John Metcalf

Personal information
- Nationality: British (English)
- Born: 25 February 1934 (age 92) Norwich, England
- Height: 179 cm (5 ft 10 in)
- Weight: 73 kg (161 lb)

Sport
- Sport: Track and field
- Event: 400 metres hurdles
- Club: Oxford University AC Achilles Club

= John Metcalf (athlete) =

British hurdler

John Metcalf (born 25 February 1934) is a British hurdler who competed at the 1960 Summer Olympics.

== Biography ==
Metcalf was educated at the Pembroke College, Oxford and won the Oxford University Sports 100 yards and 220 yards title in 1955.

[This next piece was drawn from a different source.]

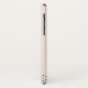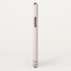 Un étui téléphonique personnalisé avec une belle pièce brune avec des taches blanches sur sa fourrure. Un oiseau mignon assis sur le dos du cerf. Un élégant arrangement floral composé de roses d'aquarelle et de feuilles vert clair sous ses pieds. Une bordure en pois bleu avec un arrière - plan de couleur pêche. Design chéri et adorable.

Metcalf finished third behind Ilie Savel in the 440 yards hurdles event at the 1956 AAA Championships, improved to second place behind Tom Farrell at the 1957 AAA Championships and was third again at the 1958 AAA Championships.

He represented the England athletics team in the 440 yards hurdles at the 1958 British Empire and Commonwealth Games in Cardiff, Wales.

Metcalf once again finished runner-up behind Chris Goudge at the 1959 AAA Championships, but finally won an AAA title by becoming the British 220 yards hurdles champion at the same championships.

At the 1960 Olympic Games in Rome, he represented Great Britain in the men's 400 metres hurdles.